Обеспечив себя в этом отношении, князь Голицын просил генерал-поручика Рейнсдорпа наблюдать за всем течением Яика и занять войсками слободы: Бердинскую, Каргалинскую и Сакмарский городок[311]. Оренбургский губернатор поручил коменданту, генерал-майору Валленштерну, осмотреть окрестности города, разослал повсюду гонцов с известием о победе и освобождении Оренбурга, сделал распоряжение о восстановлении почт, но ни Каргалы, ни Сакмары не занял солидными отрядами, а ограничился выставкой пред ними одних наблюдательных постов. Сакмарск он занял 50 казаками, под начальством атамана Донского; Каргалу оставил вовсе без наблюдения, а для получения сведений о мятежниках командировал несколько казаков и каргалинских татар на губернаторский хутор (от города только 12 верст) для примечания на тамошних высоких местах[312]. Даже Берда не была занята войсками, а ежедневно посылались туда очень небольшие команды за провиантом, которые приходили и уходили, оставляя слободу без всякой защиты. Под впечатлением неудач во время осады Рейнсдорп весьма долгое время оставался в пассивном положении и опасался взять на себя инициативу действий. Посты, выставленные им в тех пунктах, о занятии которых просил князь Голицын, были так слабы, что не могли задержать самозванца, и он успел воспользоваться оплошностью оренбургского губернатора.

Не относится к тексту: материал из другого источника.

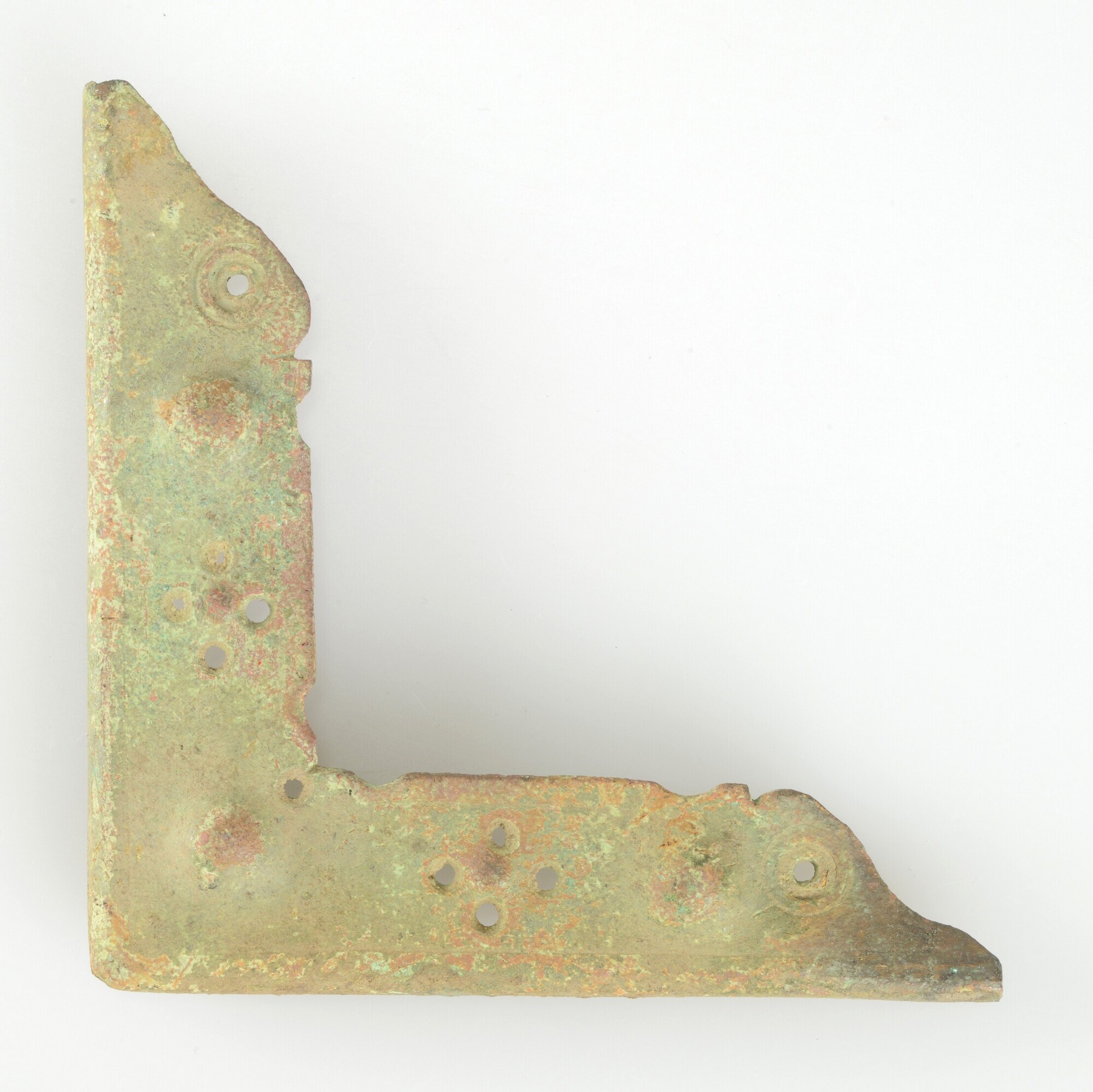Boekbeslag; hoeksluiting met punt-cirkel versiering en drie knoppen; afgeschuinde randen; L-vormig
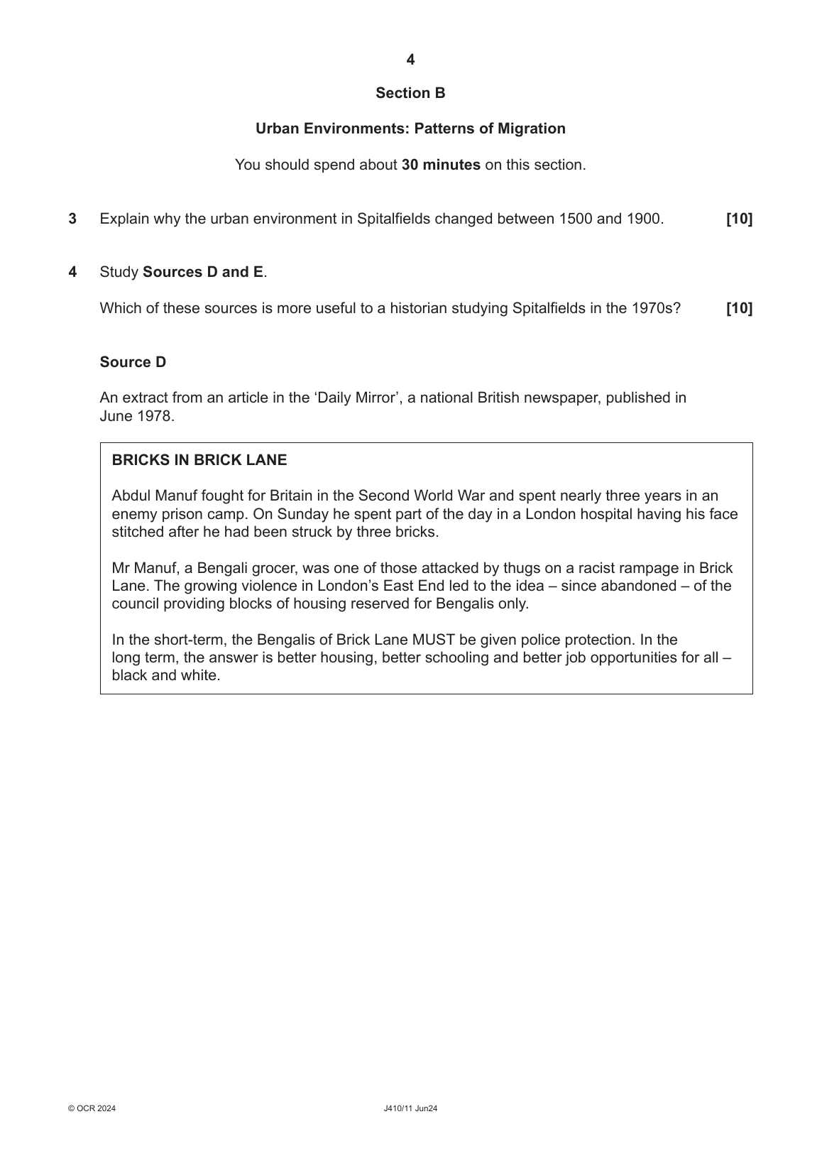 2024 OCR GCSE History A Paper 11 (J410/11: The Impact of Empire on Britain 1688–c.1730 with Urban Environments: Patterns of Migration)

Отойдя верст сорок от Берды, Пугачев, в ночь на 24 марта, остановился на хуторе Репина, а на следующее утро двинулся на хутор Углицкого, подходя к коему встретил человек тридцать лыжников, высланных подполковником Бедрягой для разведывания о неприятеле. Появление их испугало самозванца.
– Нет, детушки, – сказал он, – нельзя нам тут прорваться; видно и тут много войска; опасно, чтобы не пропасть нам всем.
Повернув назад, Пугачев пошел так быстро, что бросил на дороге три пушки и, видя пасмурные лица своих спутников, старался их утешить.
– Когда нам в здешнем краю не удастся, – говорил он, – то мы пойдем прямо в Петербург, и я надеюсь, что Павел Петрович нас встретит.
К вечеру 24 марта самозванец и его толпа пришли обратно на хутор Репина: дела их в это время были очень плохи. «Остановившись между гор и в снежных местах», как доносил подполковник Милкович, и имея с собою весьма малые запасы продовольствия, Пугачев и его сообщники были обложены лыжниками подполковника Бедряги, за которыми в крепостях Татищевой, Переволоцкой и Ново-Сергиевской находились более или менее значительные отряды. Если бы генерал Рейнсдорп занял Каргалу и Сакмарск, то Пугачев был бы окружен со всех сторон и прорваться сквозь такое обложение ему было бы трудно. Естественный вопрос: что делать? – был на устах каждого из беглецов.
– Теперь куда пойдем? – спрашивал Пугачев Шигаева и других ближайших своих сподвижников.
– Пойдем в Каргалу, – отвечали они, – а из Каргалы в Сакмару.
– Ну хорошо, а из Сакмары-то куда?
– Пойдем на Яик, а с Яика на Гурьев городок и там возьмем провианта.
– Да можно ли отсидеться в Гурьеве, когда придут войска?
– Отсидеться долго нельзя, – отвечали сообщники.
– Мы из Гурьева городка пойдем к Золотой мечети, – говорил казак Яков Антипов.
– Кто же нас туда проведет? – спрашивал Пугачев.
– У нас есть такой человек, – отвечал Антипов, – который там бывал.
– Я бы вас провел на Кубань, – заметил самозванец, – да теперь как пройдешь? Крепости, мимо коих идти надобно, заняты, в степи снега, то как пройти!
Все эти совещания ясно свидетельствуют, что ни Пугачев, ни его сообщники не знали, на что решиться, и не имели никакого определенного плана действий. Присутствовавший на совещании башкирский главный атаман Кинзя решился вмешаться в разговор. Не говоря по-русски, он просил татарина, яицкого казака Идорку, быть переводчиком.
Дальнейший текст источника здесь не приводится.